Thursday, December 17, 2009

My favorite racing story ever...

Stock car racer Bob Flock, wanted for moonshine running, drove onto the track at Lakewood Fairgrounds on the pace lap. The cops immediately followed. Madcap hijinks of the lights'n'sirens variety ensued for a couple laps, culminating in Flock driving his race car off the track and through the streets of Atlanta, Johnny Law in hot pursuit, until he ran out of gas. This resulted in one of the all-time great racing quotes:
"I would have won that race if the cops had stayed out of it."
You just don't get that kind of entertainment in Formula 1. Come to think of it, you don't get that kind of entertainment in stock car racing these days, either, although I can picture some Finn in a decal-slathered Subaru doing it.

21 comments:

OA said...

I can't figure out why the Southeast doesn't get behind WRC. Fast cars on dirt roads lined with drinking revelers cooking over open fires. It's what NASCAR should have been. Then again I pretty much just described Talladega...

Jay said...

+1 to OA
I just can't see how running shine on back country roads translates into 500 miles of left turns. i honestly think the issue is with advertising more than anything else.

pdb said...

My favorite racing story is also from NASCAR(ish). Boris Said was making some money warming a seat on a 3 truck team when his engine blew halfway thru the race. On the back straight of the oval and still coasting at triple digit speeds, he radioed his crew: "Hey, y'all need a yellow?"

They demurred.

Ride Fast said...

[...] Save NASCAR, bring back Flock [...]

That is flat out hilarious.

Ken said...

My favorite racing story is from Roseholme's back yard. In the 1912 '500, Ralph DePalma and riding mechanic Rupert Jeffkins had a sizeable lead late when their Mercedes Grey Ghost threw a connecting rod. It finally croaked on the backstretch of the last lap...

...and DePalma and Jeffkins got out and pushed it the rest of the way. They were DQed, but it's the kind of "all go no quit" that makes me love sports in the first place.

Anonymous said...

Ah, sadly, NASCAR is now basically SLOTCAR racing.

That's not a slight on the drivers, but that's the best way to describe it. Boring as hell, there's only so much identical cars doing identical, boring laps I can take, with the monotony broken up only by the occasional wreck...

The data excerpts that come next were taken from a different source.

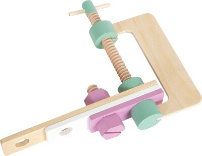 Il set è costituito da martello, chiave a bocca, cacciavite, chiave giratubi, viti, madreviti, piastre forate, chiodi e dadi. Con il morsetto grande si possono fissare i pezzi semilavorati prima del montaggio. Sperimentando e costruendo si allenano la creatività e le abilità motorie e si promuove il gioco di ruolo attivo.
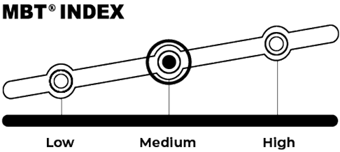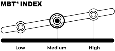 Bascule MBT équilibrée avec grande stabilité pour un usage tout au long de la journée.
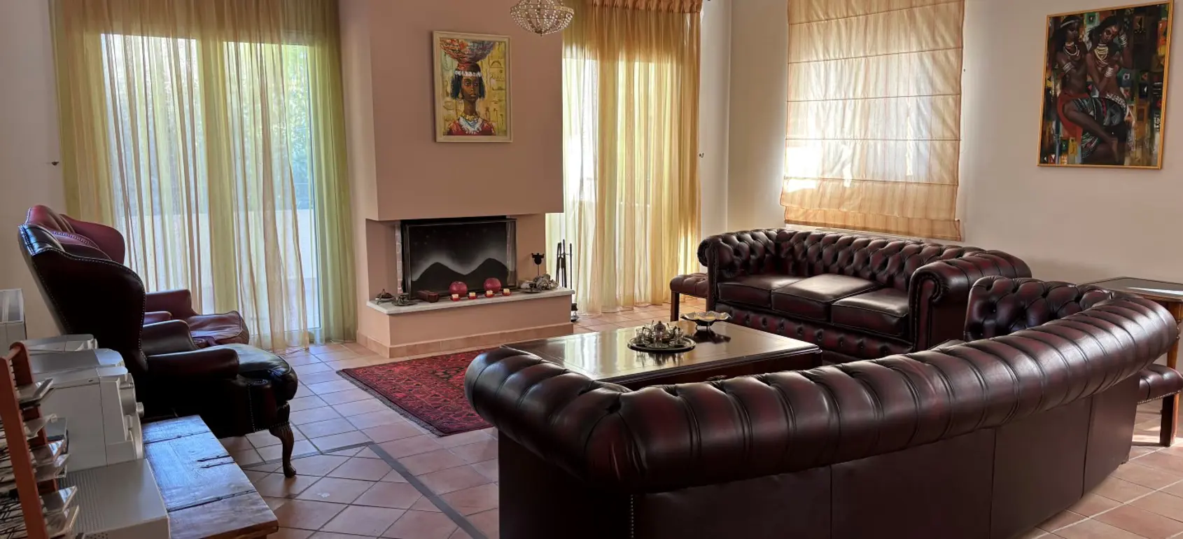 Semi-Basement 131sqm (64 sqm, legalized as main areas) with a living room equipped with a fireplace, providing a cozy ambiance, a kitchen and a wc. There is also a storage area a staff room as well as the boiler room.

It's all about the advertising...

alath said...

My favorite auto racing story is the 1935 German Grand Prix. Nine Nazi-funded state-of-the-art Goliaths versus one Italian Tazio Nuvolari in the David role, driving an obsolete, underpowered Alfa Romeo for Enzo Ferrari. Hitler was there, and eager to see one of the German cars to win. He'd heavily bankrolled Mercedes and Porsche. The German cars were technically superior in every way, and their teams were professionally organized in a way that would be recognizable to a racing team manager today (not so the disorganized French, British, and Italians). The track was the legendary Nurburgring, a 14 mile suicide circuit through forested mountains. Manfred Von Brauchitsch, nephew of the Generalfeldmarschall, held an apparently insurmountable lead going in to the the last few laps. Nuvolari drove brilliantly the entire race, just to keep his hopelessly outclassed car in the hunt, but going into the last few laps he began performing miracles, gaining on Brauchitsch, maintaining the pressure, and forcing Brauchitsch to out drive his tires. Nuvolari nipped him at the wire and stole the German GP from under Hitler's nose.

I can't believe this thing hasn't been made into a movie.

For more: http://www.grandprixhistory.org/ger1935.htm

alath said...

OK, now it's on YouTube:
http://www.youtube.com/watch?v=ATWZgxlCknw

The white (silver) cars are the Germans. The dark (red) one is Nuvolari.

Watch Nuvolari dirt track sideways at about the 43 second mark. Dude had some serious stones.

Frank W. James said...

The Sixties were probably the absolute apogee of American racing and American Racing Drivers. In the taxi-cabs you had Junior Johnson, Curtis Turner, Fireball Roberts and a whole bunch of characters who didn't know how to spell 'press agent', let alone use one.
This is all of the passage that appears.